= Alexandre de Rainier de Droue, Marquis de Boisseleau =

French aristocrat and soldier (1650–1698)

Alexandre de Rainier de Droué, Marquis de Boisseleau (1650 – 8 October 1698) was a French aristocrat and soldier. He is known for his service on the Jacobite side during the Williamite War in Ireland.

==Biography==
Boisseleau received a commission in the French Royal Army and saw extensive service in the Franco-Dutch War. He was present at the Siege of Maastricht and Battle of Saint-Denis. He fought in the War of the Reunions, including at the Siege of Luxembourg.

He was one of many French soldiers sent to Ireland by Louis XIV to assist his cousin James II to keep hold of his Irish Crown. He fought alongside James' Irish Army, with the rank of major-general, in several military actions. In November 1689, Boisseleau led a Jacobite force in the unsuccessful Raid on Newry.

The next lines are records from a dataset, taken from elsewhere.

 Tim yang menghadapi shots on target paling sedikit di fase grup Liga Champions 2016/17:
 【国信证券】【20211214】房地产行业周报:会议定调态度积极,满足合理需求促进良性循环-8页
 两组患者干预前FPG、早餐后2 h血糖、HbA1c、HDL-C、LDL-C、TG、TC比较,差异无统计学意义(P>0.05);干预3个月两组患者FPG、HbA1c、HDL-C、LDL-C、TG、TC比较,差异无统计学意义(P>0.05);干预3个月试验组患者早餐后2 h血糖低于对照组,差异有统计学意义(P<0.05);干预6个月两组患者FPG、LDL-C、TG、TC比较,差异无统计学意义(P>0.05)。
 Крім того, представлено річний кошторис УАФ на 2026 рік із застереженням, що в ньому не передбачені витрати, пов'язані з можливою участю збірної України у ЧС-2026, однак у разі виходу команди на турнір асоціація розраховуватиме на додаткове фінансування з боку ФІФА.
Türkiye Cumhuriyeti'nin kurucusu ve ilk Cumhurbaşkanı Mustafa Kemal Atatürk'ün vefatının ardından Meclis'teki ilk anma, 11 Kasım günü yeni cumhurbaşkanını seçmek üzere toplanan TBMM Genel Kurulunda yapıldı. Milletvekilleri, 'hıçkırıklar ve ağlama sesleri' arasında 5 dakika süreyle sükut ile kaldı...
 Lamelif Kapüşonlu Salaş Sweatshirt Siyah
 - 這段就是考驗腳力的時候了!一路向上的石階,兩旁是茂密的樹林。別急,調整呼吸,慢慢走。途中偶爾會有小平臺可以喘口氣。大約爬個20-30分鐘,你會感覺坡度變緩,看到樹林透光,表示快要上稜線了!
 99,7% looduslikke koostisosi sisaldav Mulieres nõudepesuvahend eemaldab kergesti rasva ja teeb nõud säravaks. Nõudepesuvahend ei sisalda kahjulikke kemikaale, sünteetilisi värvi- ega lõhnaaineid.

The following summer he was present at the Battle of the Boyne. Although this was a major defeat for the Jacobite cause, his own reputation was enhanced due to his conduct on the battlefield.

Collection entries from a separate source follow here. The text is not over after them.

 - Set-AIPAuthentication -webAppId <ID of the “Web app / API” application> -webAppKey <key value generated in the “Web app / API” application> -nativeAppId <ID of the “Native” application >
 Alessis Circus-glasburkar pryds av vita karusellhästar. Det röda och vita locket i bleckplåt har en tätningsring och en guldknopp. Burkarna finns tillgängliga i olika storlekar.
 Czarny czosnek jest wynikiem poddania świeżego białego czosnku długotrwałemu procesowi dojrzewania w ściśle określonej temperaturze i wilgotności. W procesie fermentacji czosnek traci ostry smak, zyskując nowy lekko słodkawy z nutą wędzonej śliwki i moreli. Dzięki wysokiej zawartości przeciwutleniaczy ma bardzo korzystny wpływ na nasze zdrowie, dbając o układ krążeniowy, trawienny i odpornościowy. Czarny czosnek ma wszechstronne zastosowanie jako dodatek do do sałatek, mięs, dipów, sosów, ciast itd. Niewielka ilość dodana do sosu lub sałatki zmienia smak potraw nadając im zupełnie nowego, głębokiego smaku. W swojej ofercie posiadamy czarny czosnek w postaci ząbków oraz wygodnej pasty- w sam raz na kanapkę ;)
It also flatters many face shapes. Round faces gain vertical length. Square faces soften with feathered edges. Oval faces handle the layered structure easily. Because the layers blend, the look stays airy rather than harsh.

The same year he was instrumental in the successful defence of Limerick during the first Siege of Limerick. When many of his fellow French officers and Irish commanders wanted to abandon Limerick which they considered indefensible, Boisseleau sided with a group of Irish and British Jacobites led by Patrick Sarsfield who felt that the town could still be held. Boisseleau was appointed Governor of Limerick by King James' representative in Ireland the Richard Talbot, 1st Earl of Tyrconnell.

Following the siege, he requested permission from his French commander, Antoine Nompar de Caumont, to leave Ireland. He subsequently served in the French army in the Nine Years' War, including at the Siege of Namur and the Battle of Landen. On 3 January 1696 he received the rank of maréchal de camp; he died two years later.

==Bibliography==
- Childs, John. The Williamite Wars in Ireland. Bloomsbury Publishing, 2007.
- McNally, Michael. Battle of the Boyne 1690: The Irish Campaign for the English Crown. Osprey Publishing, 2005.